State Laws and Legislation

Maryland Custody and Visitation Law

Custody and Visitation for Gay, Lesbian and Bisexual Parents
Maryland courts typically will not consider a parent’s sexual orientation in custody and visitation determinations unless it is shown to adversely affect or harm the child(ren).
There are no explicit provisions in state law regarding the factors that courts should consider when making custody and visitation determinations. The “best interests of the child” have been developed in Maryland case law.

The factors that a court does consider when making custody and visitation determinations include: “The fitness of the persons seeking custody; the adaptability of the prospective custodian to the task, the age, sex and health of the child; the physical, spiritual and moral well-being of the child; the environment and surroundings in which the child will be reared; the influences likely to be exerted on the child, and, if he or she is old enough to make a rational choice, the preference of the child. It stands to reason that the fitness of a person to have custody is of vital importance. The paramount consideration, however, is the general overall well-being of the child.”

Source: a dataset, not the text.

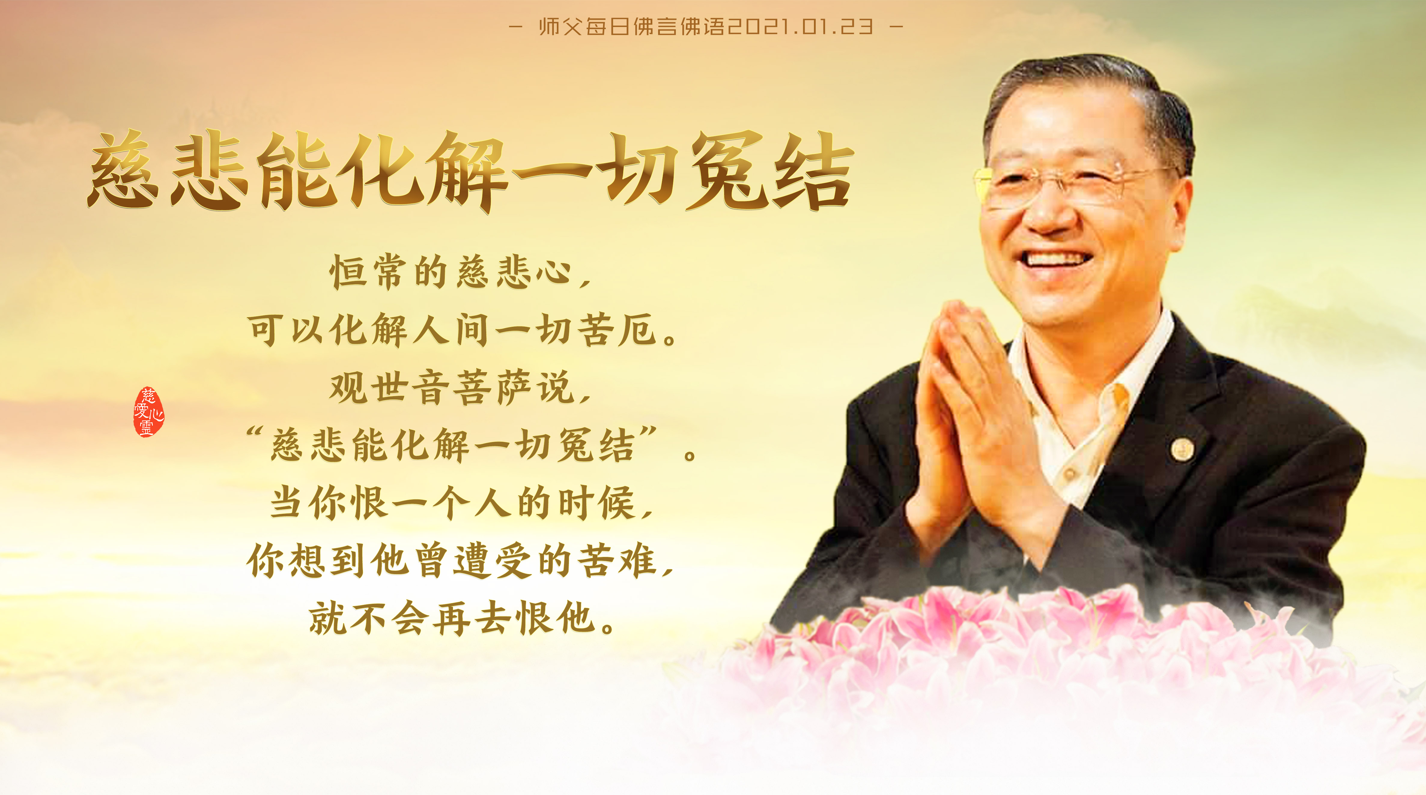 恒常的慈悲心,可以化解人间一切苦厄。观世音菩萨说,“慈悲能化解一切冤结”。当你恨一个人的时候,你想到他曾遭受的苦难,就不会再去恨他。理解生命,极其有限;珍惜人生,修出六道。人要学会断除常见,消除断见,要观身无常;学会看重自己的本性,看轻自己的人性。破色身无常,看破人身;破假身无常,看破色身;打破贪爱执著,清净随缘解脱。杂心安住,随顺因缘; 少欲知足,常生感恩。

Additional factors that the court articulated in Boswell v. Boswell  include: “The desire of the natural parents and any agreements between them; … the potential for maintaining natural family relations; … material opportunities affecting the future life of the child; … the residences of the parents and the opportunity for visitation; … the length of the separation of the parents; … whether there was a prior voluntary abandonment or surrender of custody of the child.”

In 1998’s Boswell v. Boswell, a gay father had a restriction placed on visitation with his children: he was prohibited from having his same-sex partner or “anyone having homosexual tendencies or such persuasions, male or female, or with anyone that the father may be living with in a non-marital relationship.” The appeals court was asked to clarify what standard should be used in restricting a parent’s visitation rights. The appeals court stated that there must be a finding of adverse impact on the child, and then the court must find a nexus between the child’s emotional and/or physical harm and the contact with the non-marital partner. In addition, “If no clear, direct connection is found, then the non-custodial parent’s visitation rights cannot be restricted.” Additionally, the court reminded lower courts that: “The only relevance that a parent’s sexual conduct or lifestyle has in the context of a visitation proceeding of this type is where that conduct or lifestyle is clearly shown to be detrimental to the children’s emotional and/or physical well-being.”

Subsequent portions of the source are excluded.